Your Wireless LAN Can Be Hacked

LAS VEGAS -- A cryptologist who helped discover several gaping holes in the international wireless LAN standard and the encryption algorithm meant to protect such networks this week detailed the vulnerabilities that could be leaving corporate systems open to hackers.

Ian Goldberg, who now works for Montreal-based security and privacy software vendor Zero-Knowledge Systems, was one of three researchers at the University of California, Berkeley, who uncovered the flaws in the IEEE 802.11 wireless LAN standard earlier this year. The group published a report on the findings in February, and Goldberg made one of his first public appearances about the issue at the annual Black Hat Briefings conference here.

Hardware and software vendors use 802.11 to develop wireless Ethernet cards, and the Wired Equivalent Privacy (WEP) algorithm is designed to provide the same level of security for wireless devices as a physical network cable does. But Goldberg says he and his fellow researchers "have demonstrated attacks on WEP that defeat each of the security goals" it was designed to address.

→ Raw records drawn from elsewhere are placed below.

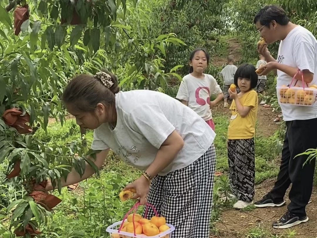 “3月份桃花盛开,今年五月末最早的油蟠桃已成熟,油蟠桃果肉细腻、口感香甜。现在每天都有城区市民、游客来此采摘,尽享田园时光。此外,我们还有杏子、李子、南方樱桃、桑葚及车厘子等多个品种水果。”百合庄园负责人说道。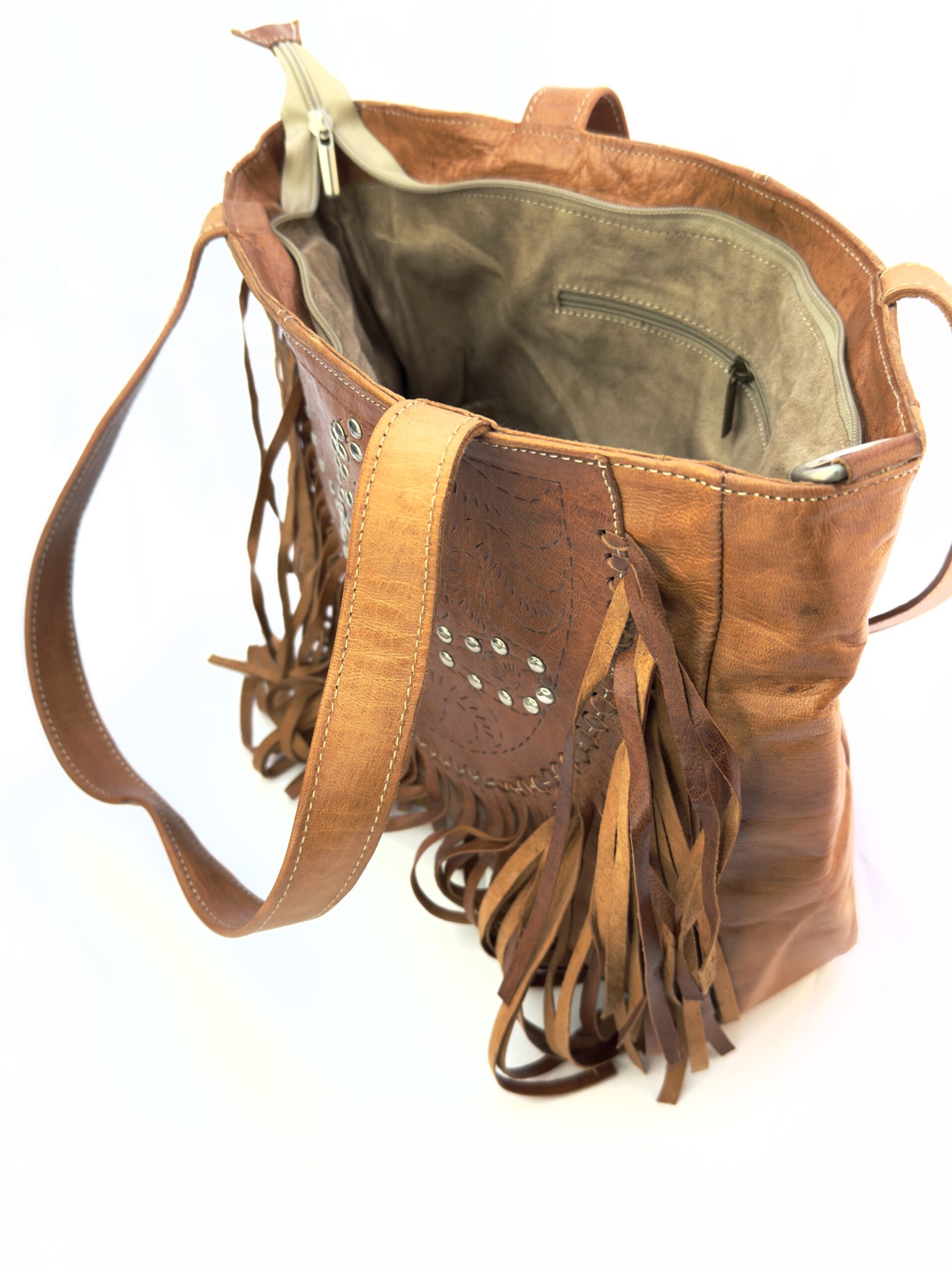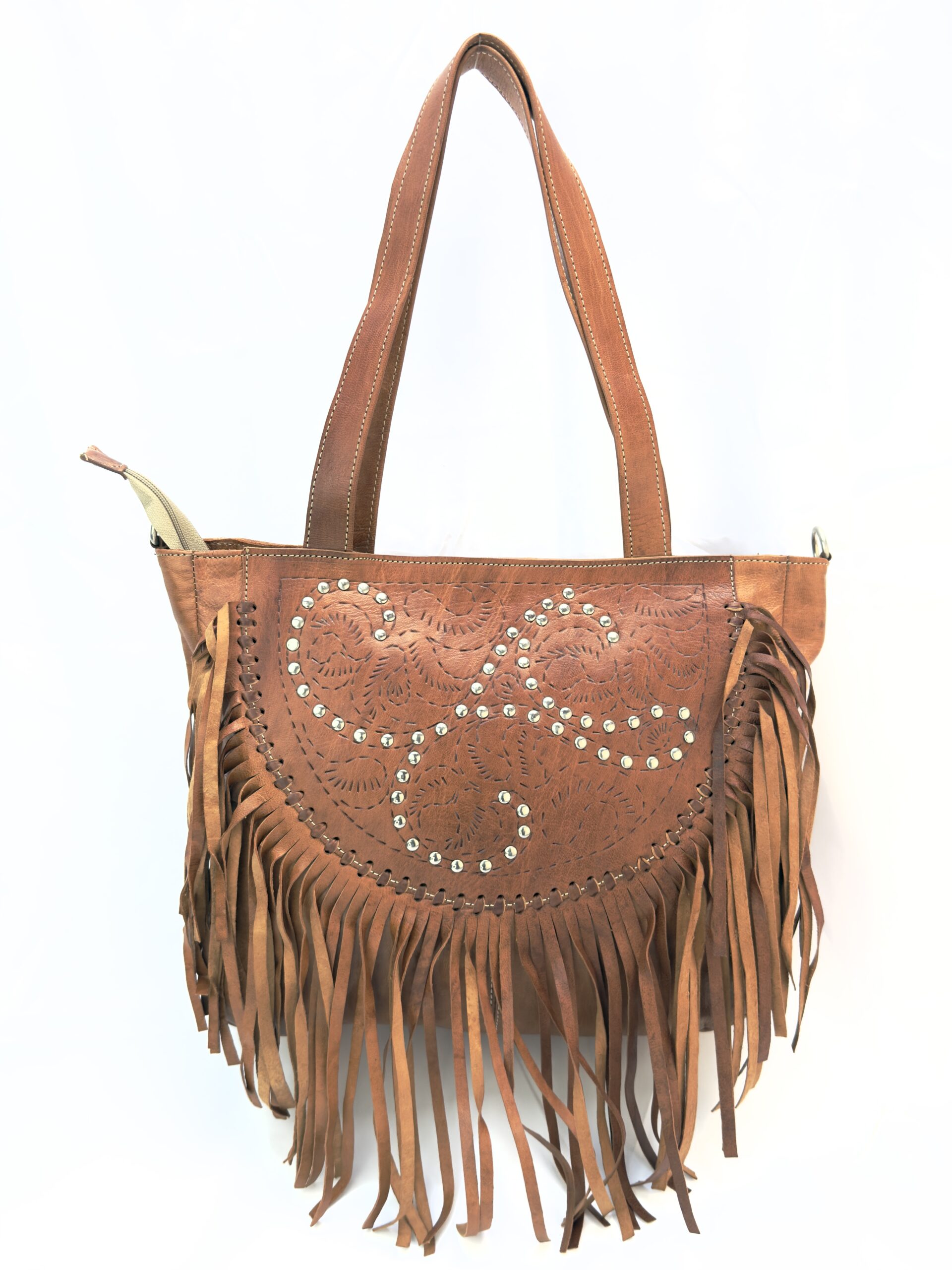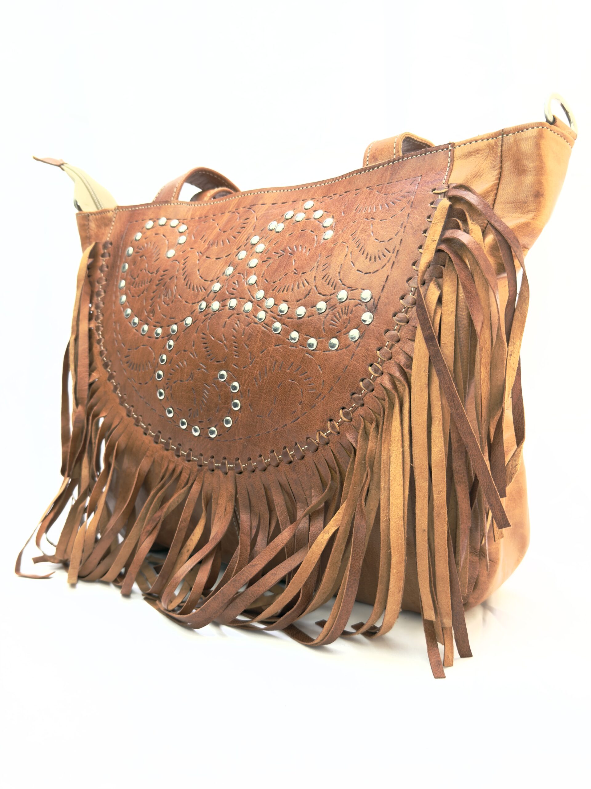 ¡Hazte con este increíble bolso bandolera de cuero con flecos y remaches, un verdadero tesoro artesanal!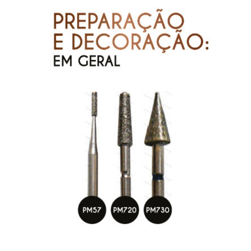 Brocas Diamantadas diversos formatos para unhas artificiais em todas as técnicas.Usadas no desbaste e lixamento de unhas artificiais como Unhas de Fibra, Unhas de Gel, Unhas de Porcelana, Acrigel, entre outras. As brocas possuem as pontas diamantadas que oferecem mais resistência e durabilidade da broca e não se desgastam com facilidade. Compatível com motores:Beltec LB50 e LB100, Nail Spa, Piubella, entre outros que encaixam brocas de 2,35mm

That includes data confidentiality, network access control and data integrity, says Goldberg, who showed slides containing the mathematical proof that such exploits are possible to an applauding crowd of hackers and IT security pros. "We can read WEP-protected traffic, we can inject traffic onto WEP-protected networks, [and] we can modify WEP-protected data," he says.

Protect Your Data

To counter this threat, Goldberg and other security experts at the Black Hat conference recommend that companies use additional authentication systems, such as virtual private networks or the IPSec security protocol, before allowing data to cross from a wireless network to an intranet or other corporate system.

"WEP is assumed to be cracked now," says Chris Rouland, director of the X-Force vulnerability research unit at Internet Security Systems in Atlanta. "If you watch enough good traffic on a WEP network, you can crack everything in about 12 hours." To protect themselves, he said, companies should use personal firewalls or intrusion detection systems on their wireless LANs.

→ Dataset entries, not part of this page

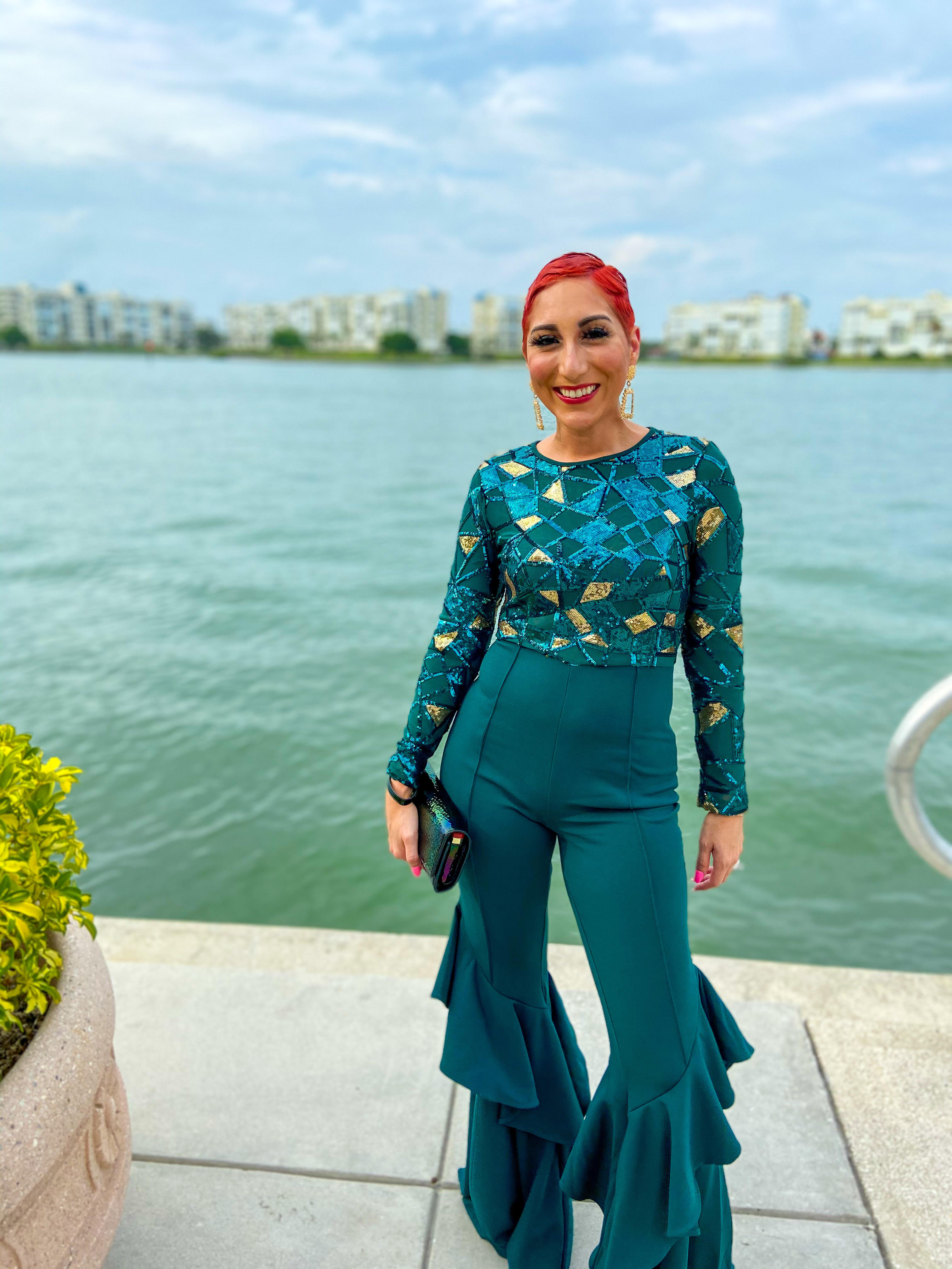 She writes, “I’m a Miami girl living in Tampa. Full Time working wife and Mama of 4 who loves to be expressive with bold colors, statement jewelry, and fun pieces. So much so I launched a boutique named Jumpsuits and Jammies with my teen daughter to teach her business and give her some responsibilities and of course to shop what we love! “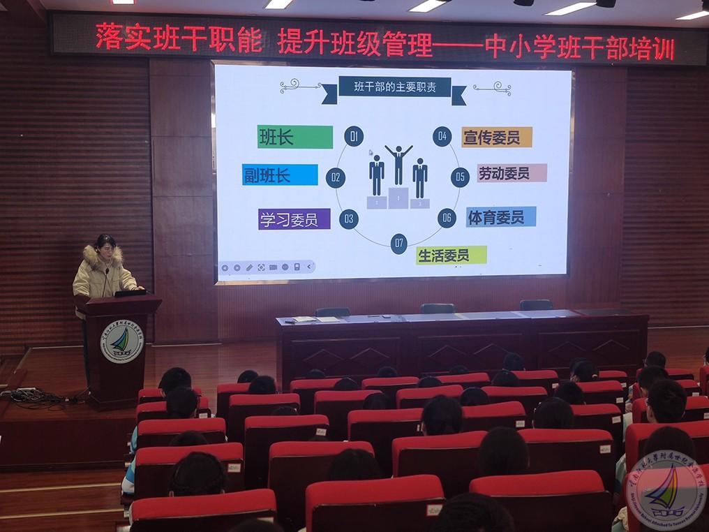为了提高初中学生干部的组织协调能力,沟通表达能力和领导能力,以便更好的服务于班级和个人成长,2024年1月12日,初中组召开了学生干部培训会,初中组王娟老师,分别从班干部在班级中的作用、主要职责、应树立几种工作意识、需要注意的几种观念、工作的基本方法、应具备的素质、如何树立威信、如何开展班级活动和安全教育等方面进行了培训。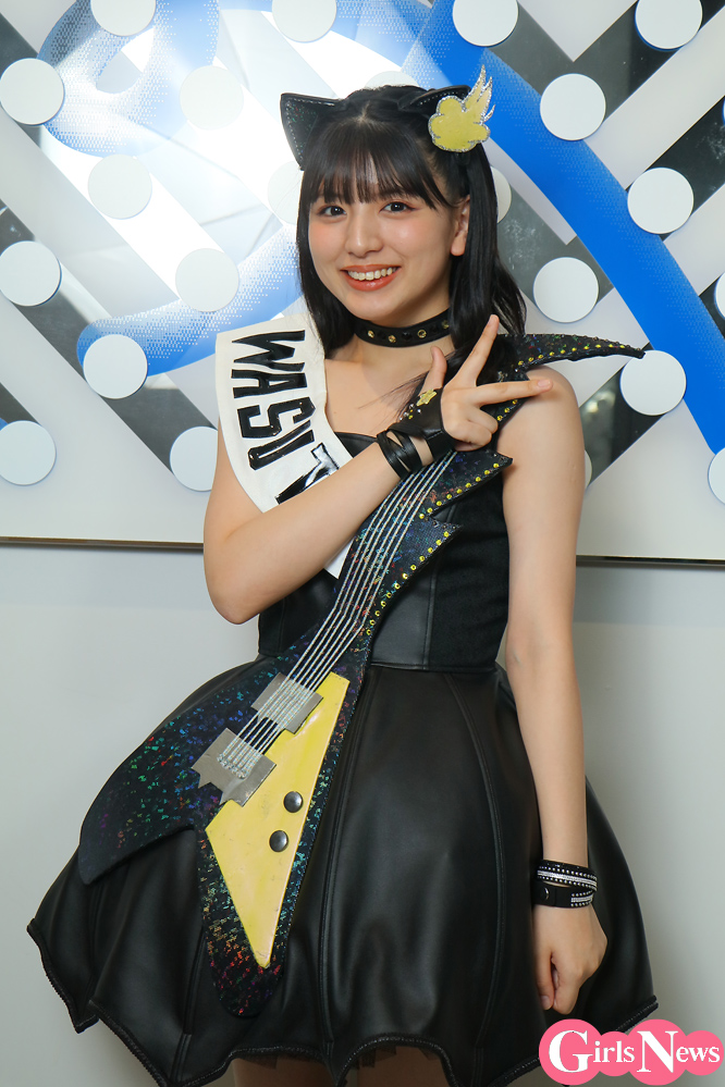 坂元葉月「衣装のデザインを見たときに「ギター?」って驚いて。すごく大きく描かれていたんですけど「このままそっくりの感じにしてください」って指定だったので、どこまで再現できるのか楽しみでした。本当にイラスト通りの仕上がりですけど踊りやすくてお気に入りです。着ているとギターが弾けちゃう気分になりますね…弾けないんですけど(笑)」

Goldberg says malicious hackers often can simply park their cars in a company's parking lot and essentially become a node on its wireless network--a technique known as authentication spoofing. "Unlike physical cables, it's really difficult to control how far radio waves go," he said, adding that hackers also can pick up wireless LAN signals while driving around.

Mandy Andress, president of security consulting firm ArcSec Technologies agrees that WEP is particularly vulnerable to hackers in cars. Andress said there have been cases in which car-based attackers used parabolic dishes to pick up wireless network signals from distances as far as eight miles away.

Beware the Cipher

One of the most significant problems found in the WEP algorithm includes weaknesses in the way it encrypts packets of data using a stream cipher. Through a series of computations, according to the Berkeley researchers, hackers can eventually uncover the plain text of certain messages and use those packets to intercept and decode other messages that were encrypted with the same key--a maneuver referred to as an Initialization Vector packet collision.

In addition, Goldberg says, many commercial wireless Ethernet cards are vulnerable to hacks stemming from the use of the same encryption key by all mobile LAN clients. "Attackers just need to know a single plain text packet and its corresponding encrypted packet," he says. Having that information could allow them to do things such as inject packets of data that contain fraudulent dollar amounts into financial transactions, Goldberg adds.

Vendors have been taking steps to improve wireless LAN security, and some network managers interviewed earlier this year said they're aware of the problems with the technology and are beefing up their defenses in response. But they also said the report issued by Goldberg and his colleagues highlights the dangers inherent in wireless LANs.